Thirteen fully staffed medical teams stand ready round the clock outside a cave in Thailand -- each with its own helicopter and ambulance -- one for each of 12 boys and their coach trapped inside as a daring rescue gathers pace.
With oxygen levels dropping and rainstorms forecast, time is running out on a plan to teach the boys - some as young as 11 and not strong swimmers - to make a dive through narrow, waterlogged passageways that would challenge experienced cavers.
Medical staff involved in the mission told Reuters their first assessments will focus on the boy's breathing, signs of hypothermia and an airborne lung infection known as 'cave disease' which is caused by bat and bird droppings and can be fatal if it is untreated and spreads to other parts of the body.
Authorities have not ruled out laying an oxygen line and leaving the boys inside for months until monsoon rains clear if their efforts over the next few days fail.
"We have set up 13 teams for each of the children," said Major General Pramote Imwattana of the Army Medical Department in charge of the medical operation at the Tham Luang cave complex near Thailand's northern border with Myanmar.
Each boy will have a devoted medical unit consisting of at least one doctor, two nurses, a paramedic and an ambulance, one medic told Reuters, on condition of anonymity because she wasn't allowed to speak to media.
After the initial assessment, the group will be driven by ambulances to makeshift helipads and airlifted to the Chang Rai hospital some 70km away, Pramote said.
"It takes 10 minutes to get from our field medical tent to the helipad and about 15 minute in the air to the hospital."

Preparing

Medics have been conducting regular drills at the camp, ferrying would-be patients in stretchers hundreds of metres through thick mud from the cave's entrance to the road where the ambulances -- assembled from across the country -- wait.
Videos of the boys after their discovery on Monday showed them looking frail, thin and exhausted. But they appear to have remained in good spirits, and the head of the rescue mission, Narongsak Osottanakorn said Saturday that the boys' health was the "best yet" as were the conditions to spring them to safety.
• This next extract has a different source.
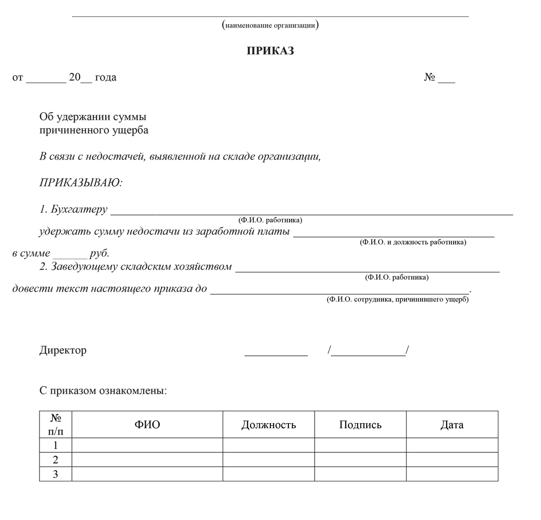 Приказ об удержании суммы причиненного ущерба организации
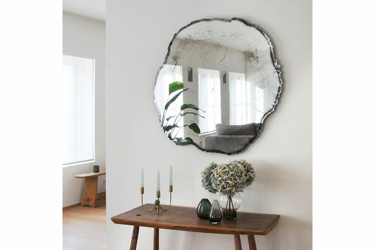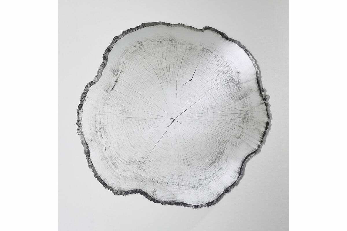 Zugleich robust und fein.Die Kraft eines Baumes und die Zerbrechlichkeit von Spiegelglas: ARBO DARK wirkt zugleich robust und fein. Seine natürliche Form und ein Printmuster verleihen diesem Spiegel eine warme und heitere Ausstrahlung. An der Wand hält er seiner Umgebung ein weiches Spiegelbild vor, das nur vom filigranen Muster der Jahrringe unterbrochen wird. Je nach Reflexion verändern und passen sich die Farben im Spiegel an. Holen Sie sich die Natur ins Haus. Arbo ist auch in einer mattweissen Variante erhältlich. Breite ca. 101 cm, Höhe ca. 98 cm

Heartfelt letters delivered by divers from the boys to their family waiting outside the cave on Saturday spoke of them feeling healthy and strong and wanting to go home.
Getting to the muddy bank where the boys sought refuge takes a nearly 11-hour round trip through 4 km of winding submerged pathways and fast-flowing freezing water.
The death of a former Thai Navy seal who fell unconscious during a dive in the cave on Friday, underscores the challenge that awaits the boys.
"Hypothermia is the scariest condition. The body temperature drops as the water is very cold," said the medic, adding that a whole section of the hospital had been set aside for the boy's treatment.
"But what we're most concerned with is infections. There are all kinds of diseases in the cave, from bats, from dirty water. Everything in there is very dirty."
She said histoplasmosis, also known as "cave disease" was one concern as was leptospirosis, an infection caused by bacteria which can lead to severe bleeding from the lungs or even meningitis.
When Chilean miners were rescued after more than two months trapped underground in 2010, some were suffering from pneumonia, lung conditions from inhaling dust and dental and eye problems.
Aside from the physical illness, there is also the psychological strain of living in the dark hundreds of metres underground. Insomnia, depression and post-traumatic stress will all have to be monitored in the weeks after.